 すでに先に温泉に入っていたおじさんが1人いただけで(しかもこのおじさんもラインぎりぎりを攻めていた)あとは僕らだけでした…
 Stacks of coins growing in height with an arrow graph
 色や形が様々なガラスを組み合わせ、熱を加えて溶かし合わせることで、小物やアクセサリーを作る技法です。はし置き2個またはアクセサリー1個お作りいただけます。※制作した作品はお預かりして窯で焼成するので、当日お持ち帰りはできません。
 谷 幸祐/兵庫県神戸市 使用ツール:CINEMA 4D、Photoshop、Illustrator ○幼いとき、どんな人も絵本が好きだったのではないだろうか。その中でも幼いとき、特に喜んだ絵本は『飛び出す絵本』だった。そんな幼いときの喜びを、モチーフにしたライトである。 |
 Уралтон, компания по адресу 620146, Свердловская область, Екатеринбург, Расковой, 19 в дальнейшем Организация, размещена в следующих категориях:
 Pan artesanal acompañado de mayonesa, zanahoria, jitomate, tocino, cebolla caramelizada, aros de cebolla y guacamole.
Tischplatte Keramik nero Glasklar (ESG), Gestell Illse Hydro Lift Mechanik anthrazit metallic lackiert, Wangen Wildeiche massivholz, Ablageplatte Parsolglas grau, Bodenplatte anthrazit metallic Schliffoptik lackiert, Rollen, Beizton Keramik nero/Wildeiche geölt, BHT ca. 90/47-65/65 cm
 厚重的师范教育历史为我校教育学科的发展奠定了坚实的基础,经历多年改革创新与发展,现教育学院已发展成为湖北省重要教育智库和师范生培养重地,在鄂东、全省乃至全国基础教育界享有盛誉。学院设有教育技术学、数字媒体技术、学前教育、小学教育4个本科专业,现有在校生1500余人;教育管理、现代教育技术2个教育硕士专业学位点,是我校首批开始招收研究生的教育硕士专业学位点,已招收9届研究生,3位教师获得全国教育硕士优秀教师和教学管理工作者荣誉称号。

--

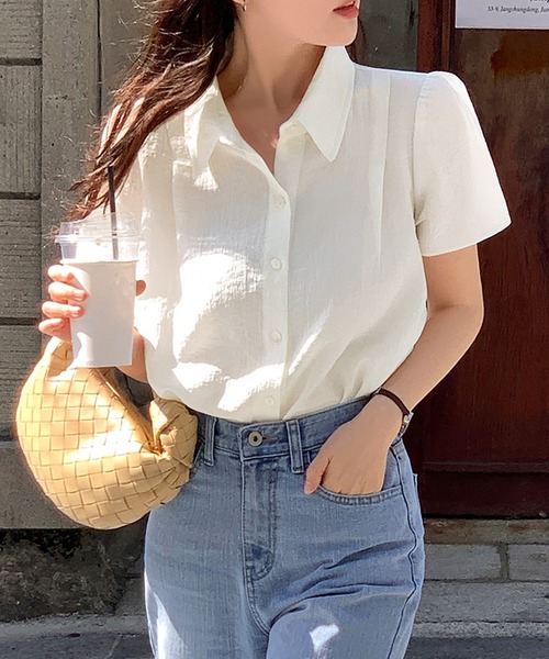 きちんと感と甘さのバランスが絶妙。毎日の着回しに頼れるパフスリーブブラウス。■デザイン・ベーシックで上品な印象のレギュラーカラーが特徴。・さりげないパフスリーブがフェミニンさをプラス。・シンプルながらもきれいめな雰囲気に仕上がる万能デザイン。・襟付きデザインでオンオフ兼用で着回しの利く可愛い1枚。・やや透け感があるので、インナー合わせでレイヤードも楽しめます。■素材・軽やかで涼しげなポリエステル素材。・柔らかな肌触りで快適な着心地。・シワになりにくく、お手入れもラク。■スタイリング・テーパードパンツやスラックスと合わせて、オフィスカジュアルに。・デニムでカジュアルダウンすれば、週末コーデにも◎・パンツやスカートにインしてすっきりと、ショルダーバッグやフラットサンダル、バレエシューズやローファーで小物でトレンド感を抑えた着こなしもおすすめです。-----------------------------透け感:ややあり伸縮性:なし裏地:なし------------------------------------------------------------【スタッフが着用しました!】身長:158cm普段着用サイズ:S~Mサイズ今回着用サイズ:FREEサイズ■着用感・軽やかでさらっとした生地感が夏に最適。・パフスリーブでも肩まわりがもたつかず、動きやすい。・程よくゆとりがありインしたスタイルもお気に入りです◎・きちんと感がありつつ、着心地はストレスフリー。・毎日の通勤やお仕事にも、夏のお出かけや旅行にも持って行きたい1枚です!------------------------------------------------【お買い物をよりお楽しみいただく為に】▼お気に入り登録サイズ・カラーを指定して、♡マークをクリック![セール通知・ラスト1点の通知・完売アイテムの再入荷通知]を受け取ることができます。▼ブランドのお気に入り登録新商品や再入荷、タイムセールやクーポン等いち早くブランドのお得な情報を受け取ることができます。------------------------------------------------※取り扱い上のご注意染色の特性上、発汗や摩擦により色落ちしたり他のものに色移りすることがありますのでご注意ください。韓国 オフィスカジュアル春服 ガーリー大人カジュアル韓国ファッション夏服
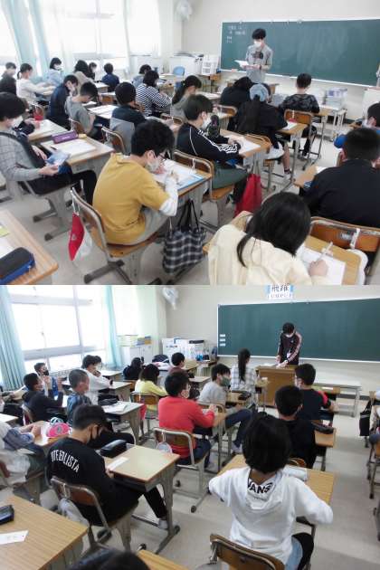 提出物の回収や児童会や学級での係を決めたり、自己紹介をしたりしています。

==

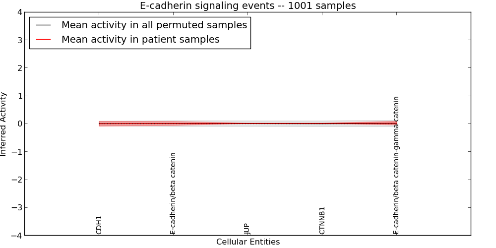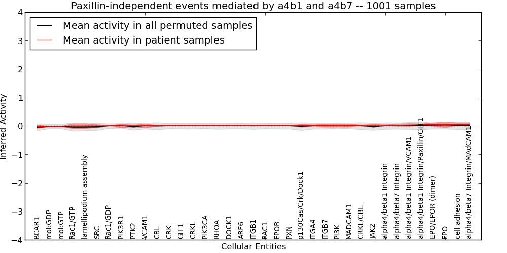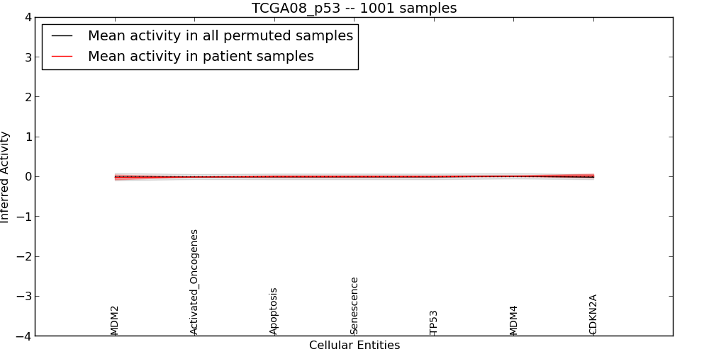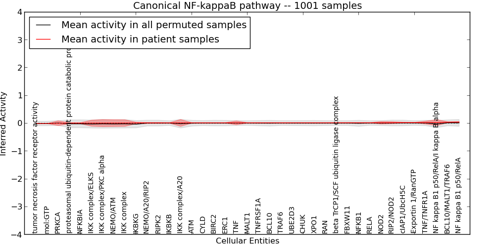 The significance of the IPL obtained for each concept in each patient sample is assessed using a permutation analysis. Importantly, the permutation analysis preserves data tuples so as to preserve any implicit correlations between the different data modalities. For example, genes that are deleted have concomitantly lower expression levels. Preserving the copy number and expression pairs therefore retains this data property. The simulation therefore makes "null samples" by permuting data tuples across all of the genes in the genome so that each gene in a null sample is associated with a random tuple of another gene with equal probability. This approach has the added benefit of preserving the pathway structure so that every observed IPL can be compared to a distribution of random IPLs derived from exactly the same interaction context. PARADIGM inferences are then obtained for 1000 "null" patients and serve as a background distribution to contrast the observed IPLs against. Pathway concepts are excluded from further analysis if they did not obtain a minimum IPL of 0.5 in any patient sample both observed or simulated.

Work item >> Begin with the line that has "Pan artesanal acompañado" in the listing above and end after the line that has "Tischplatte Keramik nero"; output those lines exactly.

Your response >>
 Pan artesanal acompañado de mayonesa, zanahoria, jitomate, tocino, cebolla caramelizada, aros de cebolla y guacamole.
Tischplatte Keramik nero Glasklar (ESG), Gestell Illse Hydro Lift Mechanik anthrazit metallic lackiert, Wangen Wildeiche massivholz, Ablageplatte Parsolglas grau, Bodenplatte anthrazit metallic Schliffoptik lackiert, Rollen, Beizton Keramik nero/Wildeiche geölt, BHT ca. 90/47-65/65 cm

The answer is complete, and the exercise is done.